The brand – as useful as a forgotten icon in a neglected museum.
Just 40 years ago, most large companies saw brands as the prime creators of value, but they did not trouble to assess corporate reputation. It did not seem to create or even affect value. Investors focused on share price, profit, turnover; connections were made through stockbrokers, agents and financial media.
The practice of communications was simple, and essentially one-way. Companies, not particularly interactive, did not acknowledge those we now call stakeholders; communications were dominated by direct advertising, brand restatement and old school advocacy agendas. They were content to declaim, but rarely to discuss or debate issues of substance with external observers and commentators (unless they had to, for example at quarterly reports).
The environment has changed radically since then. Corporate reputation now sets a challenging target for public favourability and raises the standard for genuine corporate responsibility in a way that the brand cannot. For the brand has no arms other than the livery, no legs other than the PR roll out, and no voice except advertising and other outdated one way communications. A brand is only the talk, never the walk.
Reputation is now carved into the pillars of corporate culture. And people’s expectations of companies’ public policy agendas are changing. These expectations are now based on the insight that the value of a company, even to financial investors, is expressed also by its reputation, rather than only by its revenue or its sales. Another way of putting this is that reputation has become one of the primary generators of corporate value where once it was completely irrelevant.
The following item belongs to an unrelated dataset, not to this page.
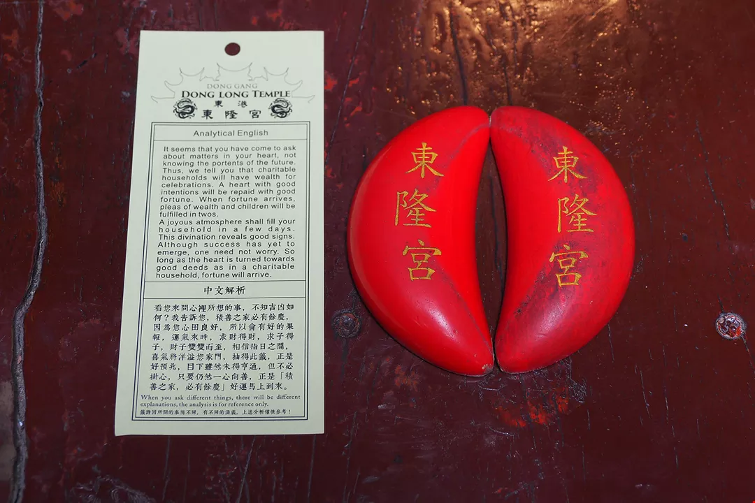 If you want a clear answer from the gods to a question expressed in your prayers, then casting jiaobei (divination blocks) is another way to communicate with them. These are a pair of crescent-shaped red blocks that are flat on one side and rounded on the other. When you toss the two blocks on the ground and one comes up yang (lying with its rounded side facing up) and other yin (flat side up), this is called shengjiao (“sacred blocks”) and it means that the gods have agreed to your request, and the matter that you prayed about will go smoothly; ordinarily this “yes” only holds if one throws a shengjiao three times in succession. Another method of seeking answers from the gods is by drawing bamboo “fortune sticks” or printed “fortune verses” that are provided by the place of worship. In recent years a number of temples, aiming to help foreign visitors better understand Taiwan’s folk belief systems (including Hsing Tian Kong in Taipei, Donglong Temple in Donggang, Pingtung County, the Mazu Temple in Lugang, Changhua County, and the Grand Mazu Temple in Tainan) have prepared English-language fortune verses to point them in the right direction.

A clear public demonstration of a good corporate reputation has become a significant responsibility in itself, and is now close to becoming a due diligence requirement.
The creation of value is to be found at the heart of these new relationships. Today’s new companies and entrepreneurs are leading the way in creating new communications and stakeholder networks by harnessing the power of new media and imaginative capacity building through social and relationship marketing. The brand is shrinking in proportion as the need builds to listen more and talk less.
The function of the brand is therefore changing in response to a media environment that has become almost completely interactive. Tomorrow’s brand will be cast loose from any single product, sector, category or idea. It can no longer express accurately a product in itself to a customer now spending hours on social media instead of the TV.
The brand is now forced to partner with corporate reputation to better express the corporate identity, mission and purpose. It nearly died because people now care more about earned reputation than bought facade and it’s only still alive because of its incidental and probably temporary role in assisting with the main boardroom task of building and maintaining corporate reputation. Very soon, corporate brands and their proud liveries will become as useful as forgotten icons in the dusty corners of neglected museums.